I’m 99.9% convinced that the image is not a painting, as per comment above, but a thermal imprint – essentially no different from holding an iron against a sheet, to leave a scorch mark, except that instead of an iron there was some kind of metal (?) effigy, possibly a life-sized crucifix of the crucified Jesus. The oft-trotted-out evidence that it is NOT a contact scorch (as distinct from weird and wonderful radiation emanating from a corpse) is exceedingly weak in my view.
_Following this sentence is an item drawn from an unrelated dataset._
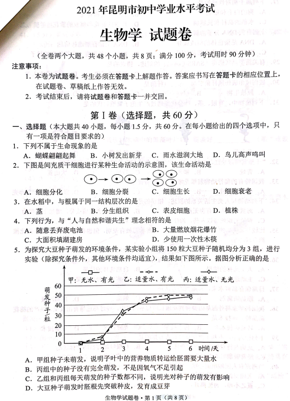 2022年山东省滨州市初中学业水平考试中考生物试卷
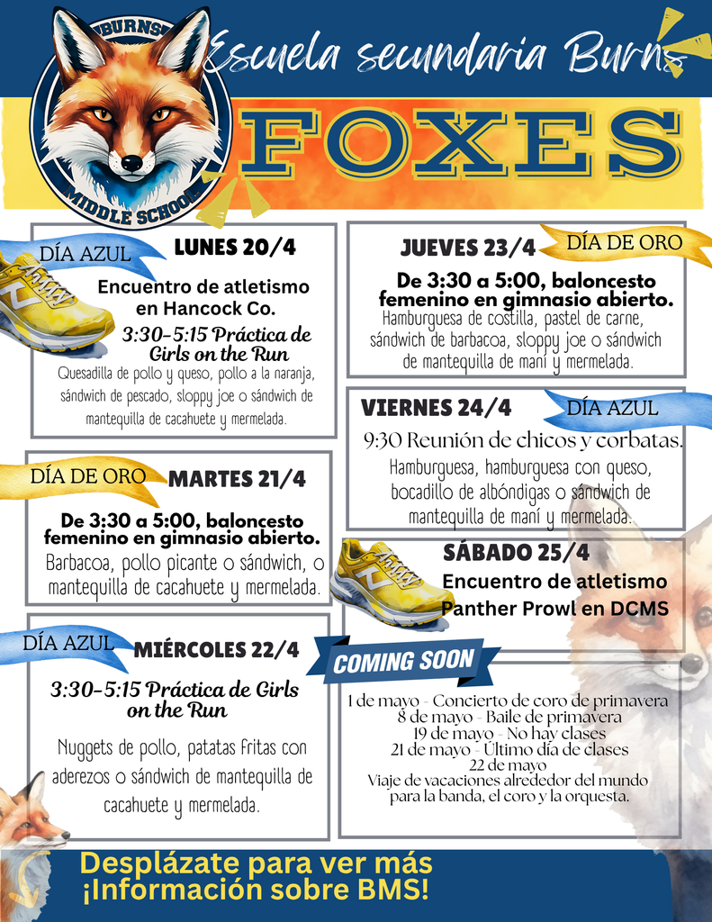 Weekly Newsletter (Spanish version) for after spring break.

How’s lovely Pennsylvania these days? I did a two year stint back in the early 70s at the University of Pennsylvania Hospital Medical School. The boss man’s house (Head of GI) in its cul-de-sac on the Main Line was more English than most top-of-the-range houses in England (being my home)! Missus and I had to be content with Devon Strafford Apartments, kept awake by late night student parties.
Postscript added Feb 17
Here’s a more recent item in the US press announcing the imminent arrival of the Russ Breault roadshow. It’s in total contrast to the above, commendably so.
There’s one point on which this blogger would take issue – the reference to “puncture wound” on the Shroud. I have now amassed several scores of flying hours on the Shroud image (Shroud Scope) and have yet to see anything that could unequivocally be described as a puncture wound in the body image. There are bloodstains, certainly, real or engineeered, but a patch of blood-like material doth not a puncture wound make.
Update: 25 Feb
You read it here first! Some two weeks later, that same MSM article is now the subject of a new posting Across The (Systematically-Slanted) Way introduced with the words: “journalism done well”.
This site recognizes good journalism when it sees it – even if a pro-authenticity bias, intended or otherwise, is evident. The important thing is acknowledgement of there being an alternative point of view.